@Irishk,
nice
finally got back to a book i started ages ago, Andre Norton's The Magic Books (omnibus 1988 contains Fur Magic, Steel Magic & Octagon Magic)
FUR MAGIC (1965) Cory Alder has been uprooted to spend at least a summer with his foster uncle in Idaho (his father having shipped out to Vietnam) and is learning that bragging about a Nez Perce foster uncle who raises horses for rodeos is a long way from living up to such a macho standard yourself. He begins developing a fear of large animals, but receives drastic therapy for it after accidentally interfering with a medicine bundle watched over by a traditional-minded elder. To set things right, Cory is sent on a vision quest, and experiences the world 'before it turned over' - living not as a human, but as an animal spirit in the body of a giant beaver, acting as a scout in the midst of a war.
STEEL MAGIC (1967, a.k.a. GRAY MAGIC) The picnic basket and cutlery won by Sara at the Strawberry Festival at first were just a good excuse for her and her brothers to have a picnic while exploring the half-wild estate where they're spending the summer with their uncle. They find more than they bargained for - a gate into Faerie, where a picnic basket packed with ordinary food and steel cutlery is worth far more than any fairy gold. Each sibling must confront his or her fears on a quest to help the people of Avalon retrieve various stolen magical objects: Sara, her fear of insects as she searches for a magic ring in a wood guarded by giant spiders; Greg, his fear of the dark as he seeks to retrieve Excalibur from the Witch of the Mountains; Eric, his fear of water as he searches for an enchanted horn on an island reachable only by sea.

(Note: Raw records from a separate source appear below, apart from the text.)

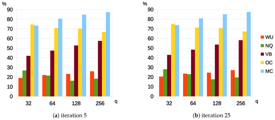 The results included in the tables indicate that BS+ITATCQ3 at iteration 5 obtains better MSE than WU, OC, MC, VB and NQ for all the images and palette sizes. In addition, Figure 5 shows the average percentage of error reduction obtained by BS+ITATCQ3 at iterations 5 and 25 compared to those methods. The summary that shows this figure confirms the superiority of BS+ITATCQ3.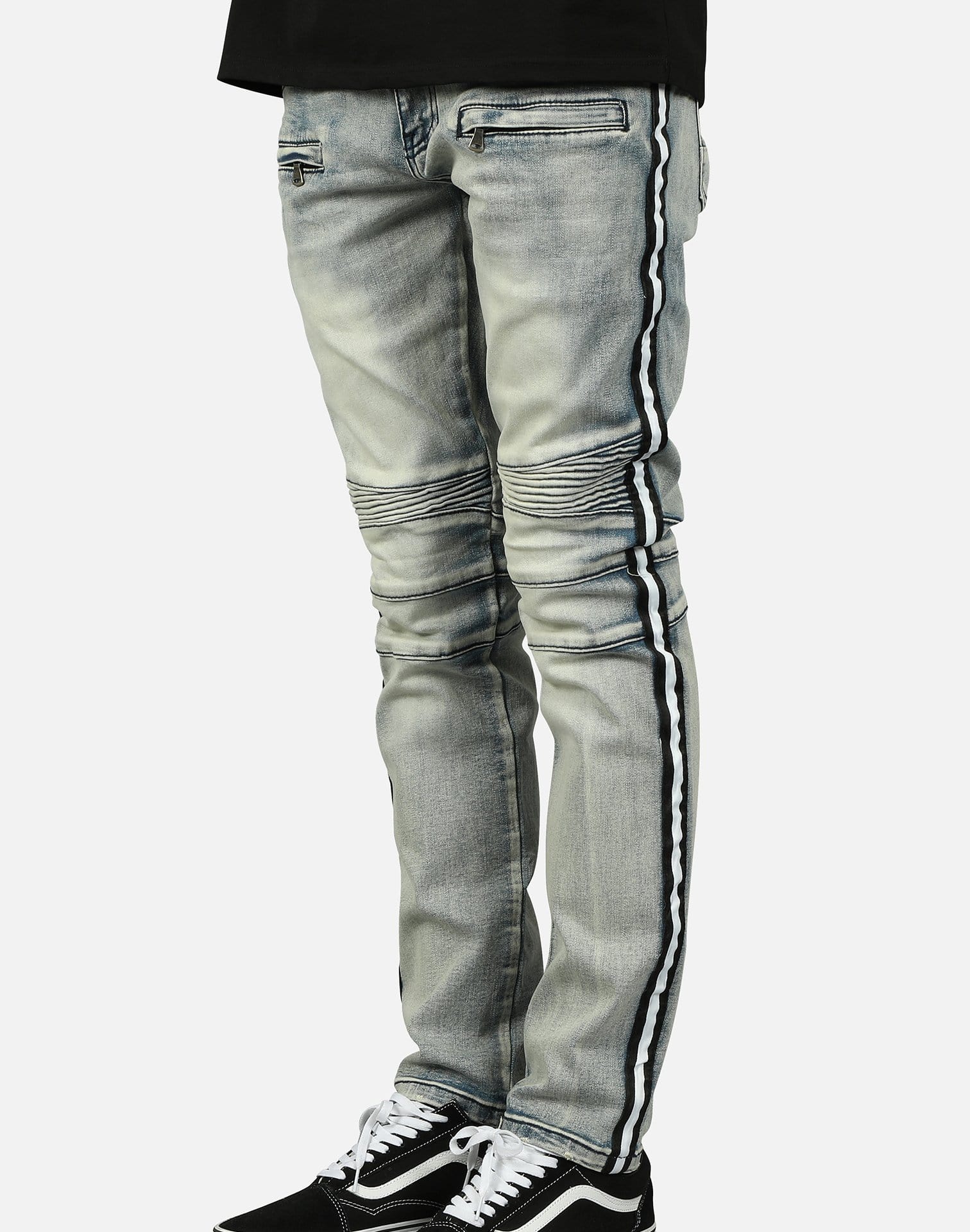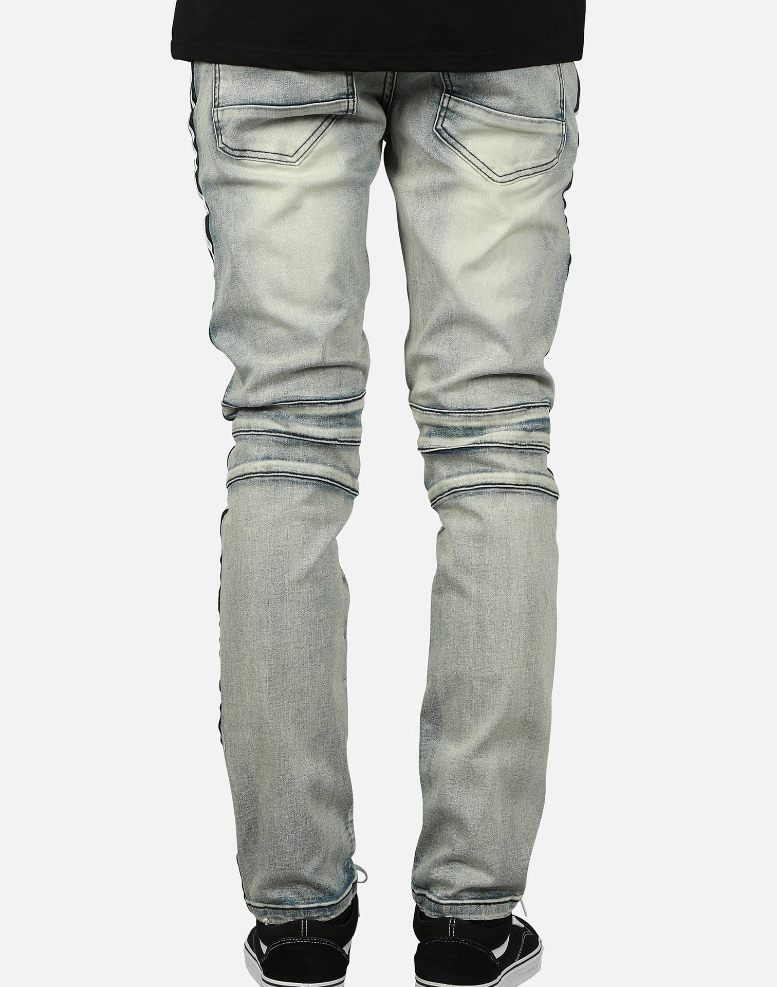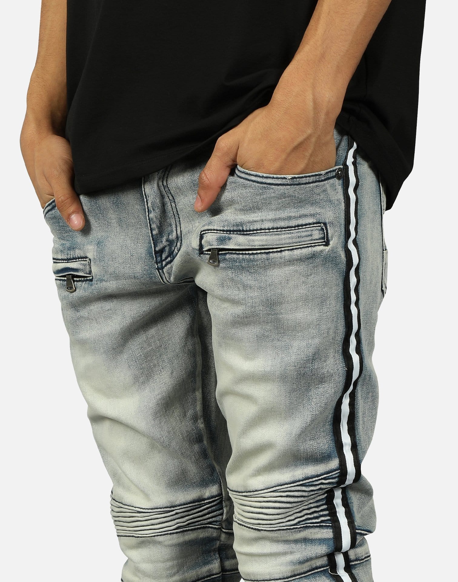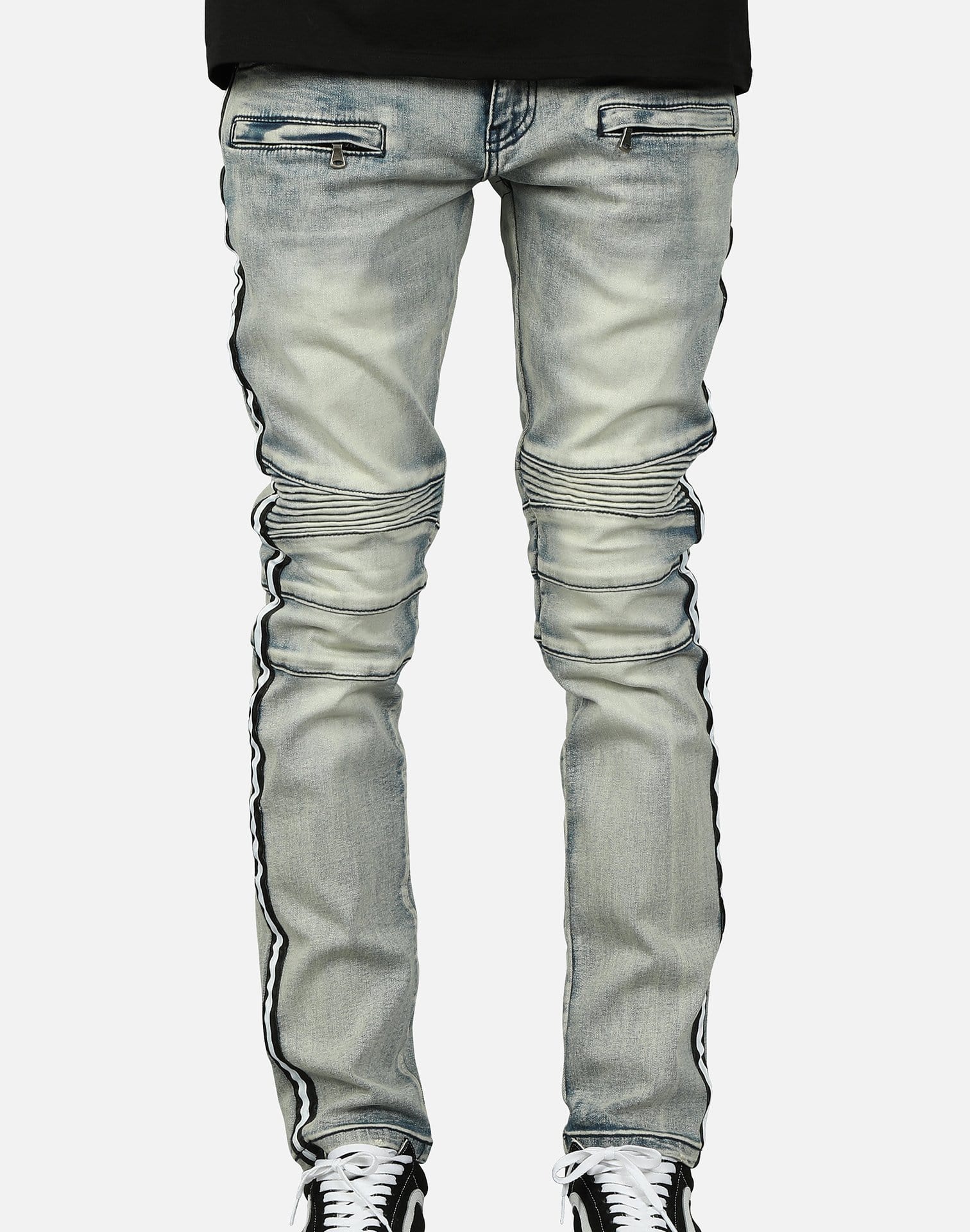 Kilogram Inc. includes a variety of denim, from biker-inspired to ripped and destructed. These striped motor back jeans featured in light blue showcase rips and tears with a biker theme throughout.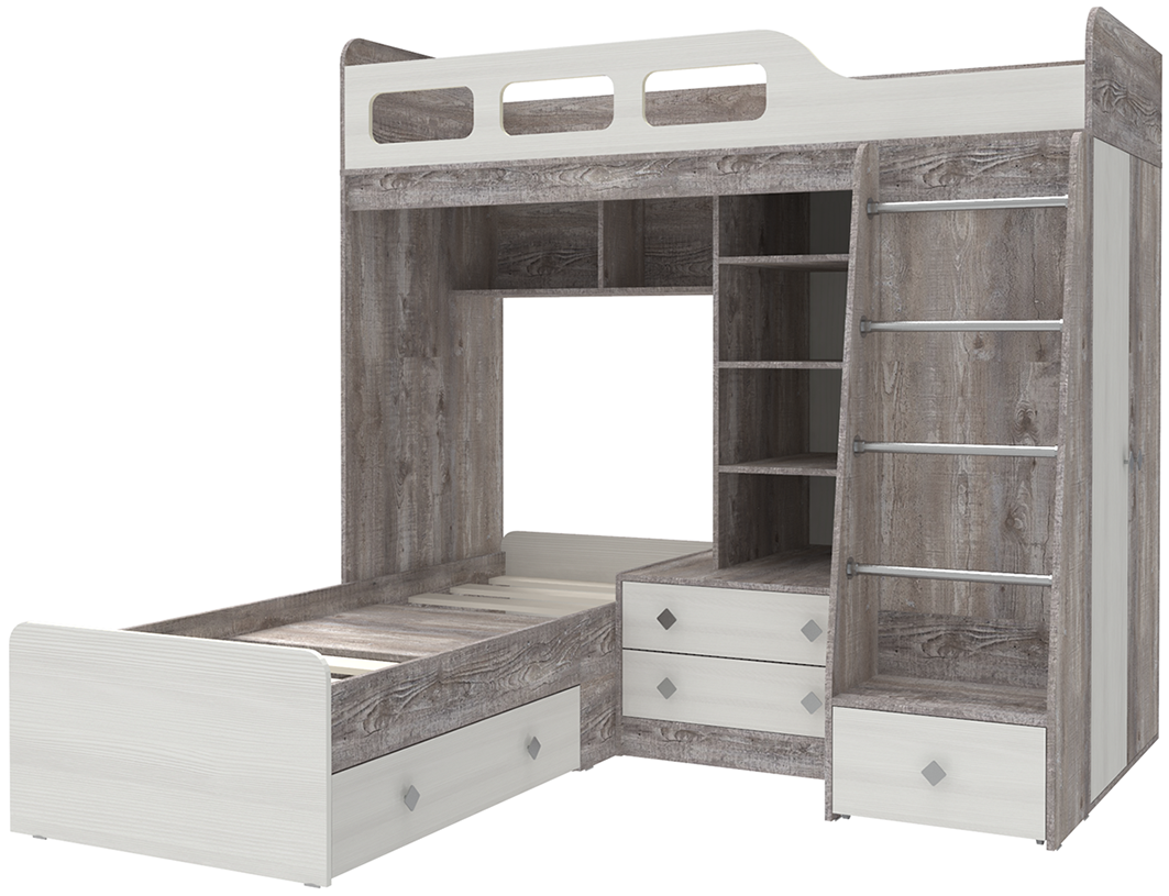 Вы можете купить Двухъярусная кровать КарИВи Астра 4 Бетон Белое Дерево оптом в нашем магазине, предложим цену с оптовой скидкой.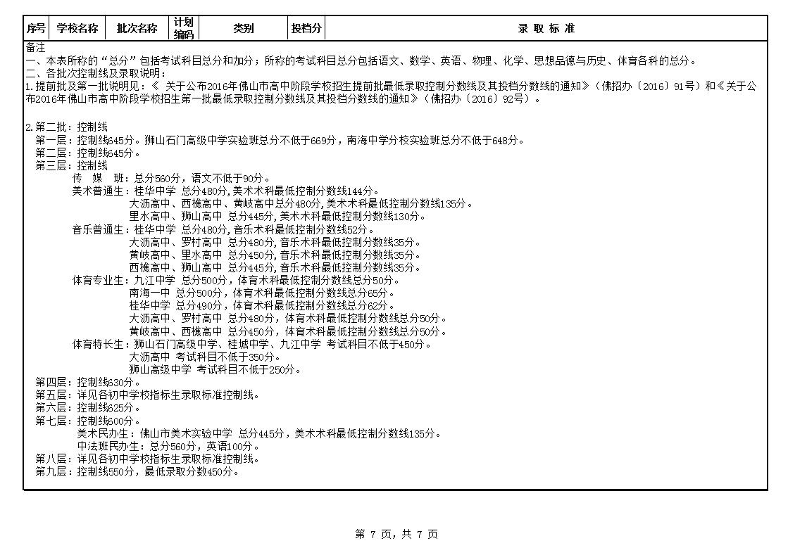 根据《佛山市2016年高中阶段学校招生考试工作意见》的规定,划定我区2016年高中阶段学校招生第二批招生学校各层次的投档分数线和录取标准(详见附件)。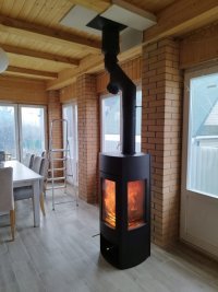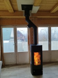 Пристенная высокая дизайнерская печь с панорамным обзором. Обзор огня с трех сторон. Оборудована большой остекленной дверкой выполненной в одной плоскости с корпусом печи и с двумя боковыми стеклами. Дверка высотой 600 мм и боковые стенки выполнены с небольшим радиальным изгибом. Ручка открывания утоплена внутрь дверки. Подсоединение к дымоходу сверху или сзади.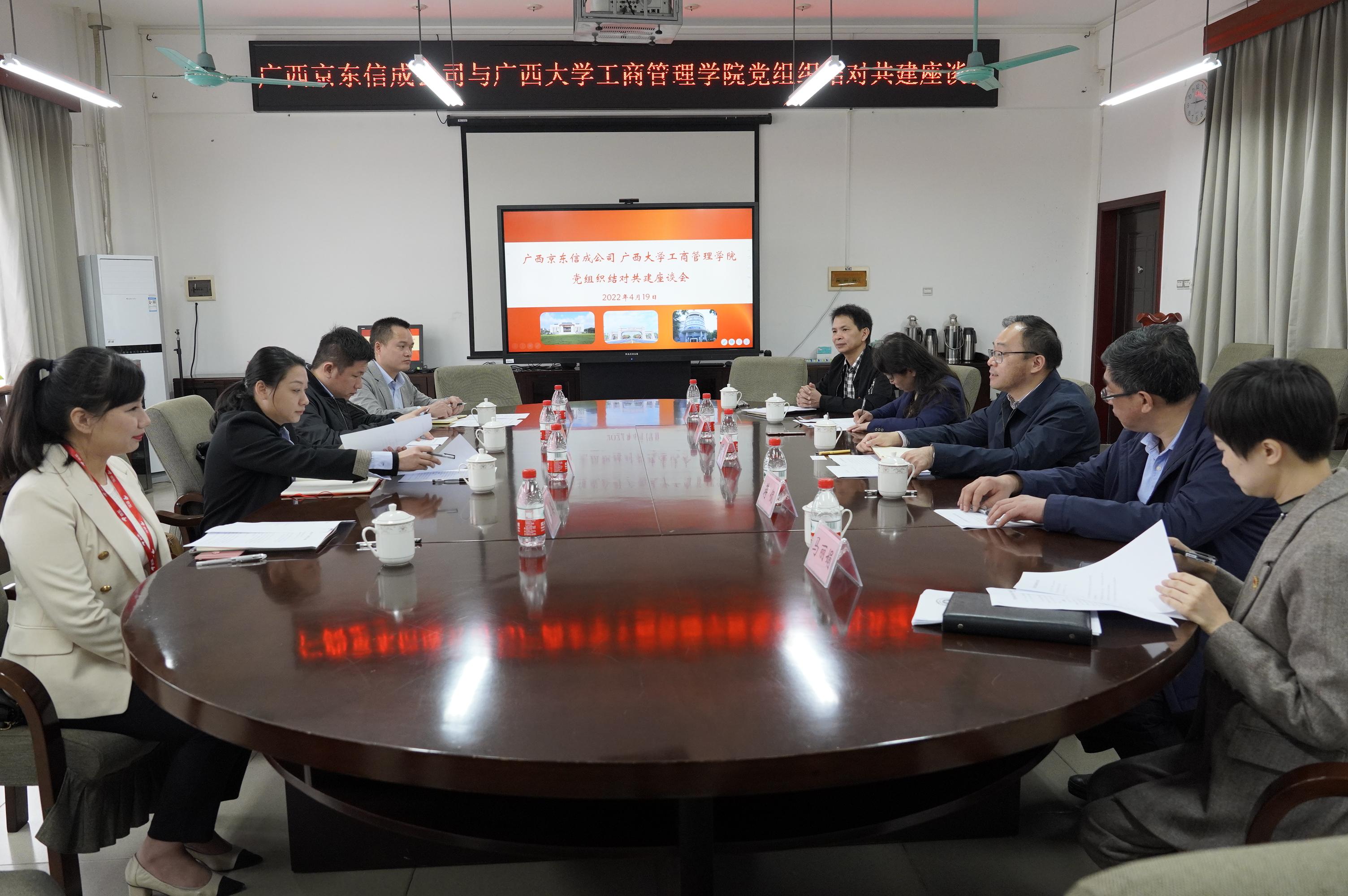 4月19日上午,京东集团区域公共事务总监、广西京东信成公司党总支书记张霓一行4人到万象城官网洽谈院企党组织联学共建、产学研合作业务并举行座谈会,万象城官网党委书记罗诚主持会议。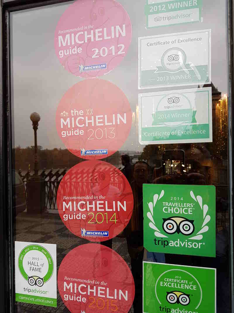 許多年份的米其林標章...,就貼在玻璃窗上頭以示身價。
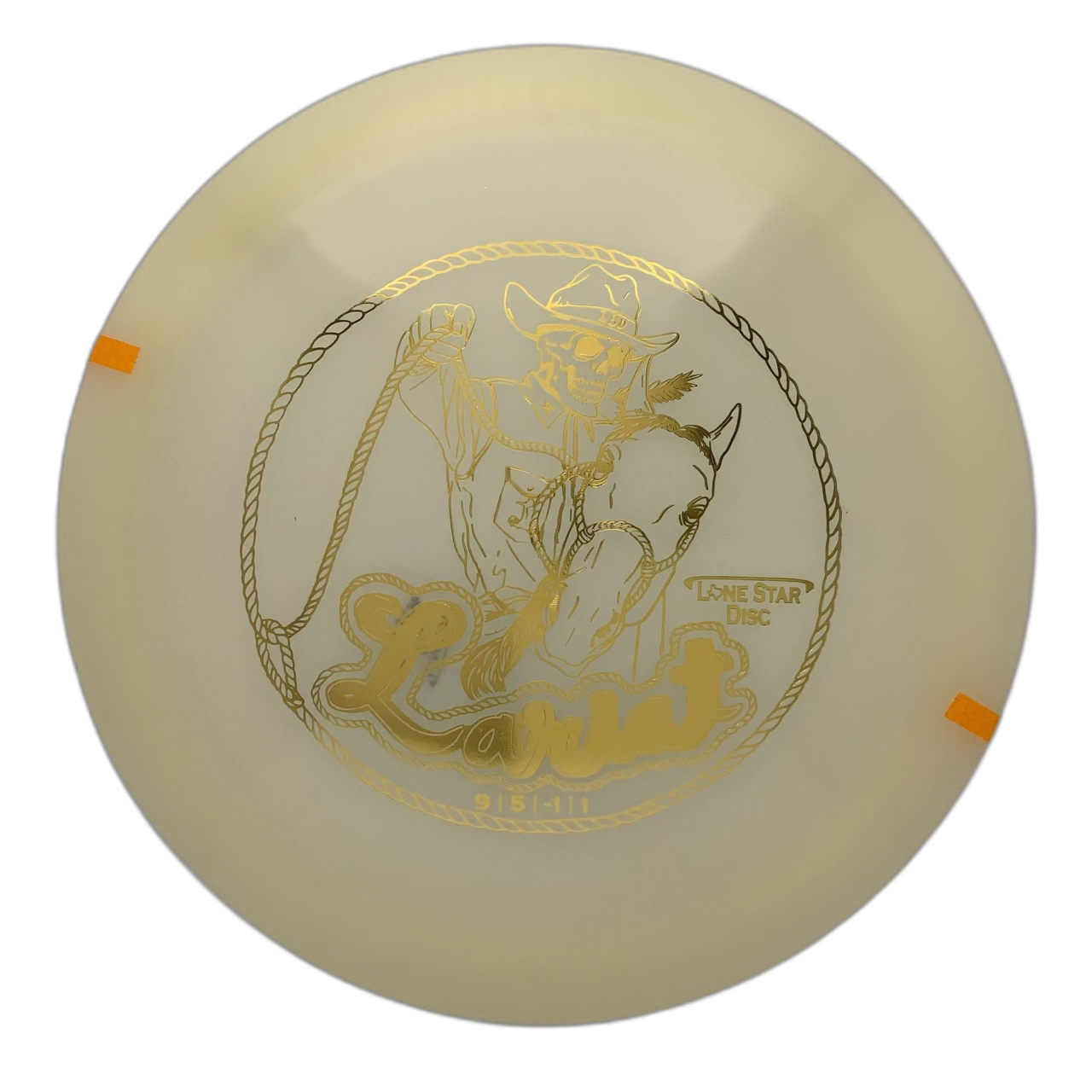 The Lone Star Lariat is a straight-flying fairway driver that can be thrown on a rope. It has a shallow rim depth that makes it ideal for any player no matter their experience level. 9 | 5 | -1 | 1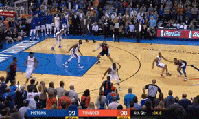 来看看怎么输得哈,打活塞那个,最后5秒钟抢投三分,没进去,雷霆1分惜败。赛后他说,我是在阅读比赛,我要寻找谁是空位,吧啦吧啦……但问题是大哥你那球不是空位啊,有人防啊……难道真跟科比似的三人防守算空位?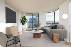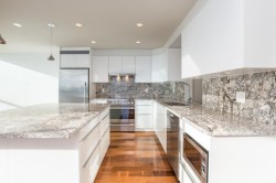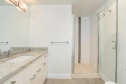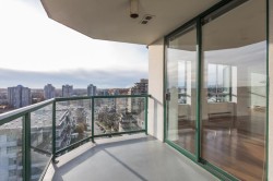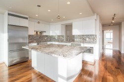 Located in the heart of New Westminster's Uptown area, in a Bosa built, well manage concrete building. Walking distance to shopping and sky train. This beautifully updated, open floor plan, 2 bedroom, 2 bath, plus den and separate laundry room home, features south west views of the Fraser River, engineered walnut floors, porcelain tile, wool carpets. The kitchen has granite counter tops, and large island with seating for four, Fisher & paykel, fridge, stove, hood fan and Miele dishwasher. Both stunning bathrooms have been beautifully renovated as well. There is one parking space and one large storage locker.

OCTAGON MAGIC (1968) Lorrie Mallard has had to move to a new home with an unfamiliar aunt due to her grandmother's failing health. Her new environment is strange in almost every way: Maryland rather than Canada; having a working woman, inexperienced with children, as her guardian rather than a stay-at-home grandmother; American public school (including unpleasant boys) rather than a Canadian girls' school; having trouble catching up in class rather than being praised as a good student. She still grieves for her parents, cannot confide in her still-recuperating grandmother even by letter as she must not have any more stress, and has no close ties until by chance she meets the old ladies of Octagon House, who keep to the routines familiar from their youth, including Octagon House's tradition of sheltering refugees from the storms of the outer world. Lorrie experiences some of their stories through an enchanted dollhouse, while in the present day her mentors help her to gain perspective on her new life, and her guardian is drawn into a struggle to preserve Octagon House from destruction to make way for new development. Nice characterization, as Lorrie is generally a good kid but not a plaster saint, while the troublesome people in her life aren't out-and-out villains.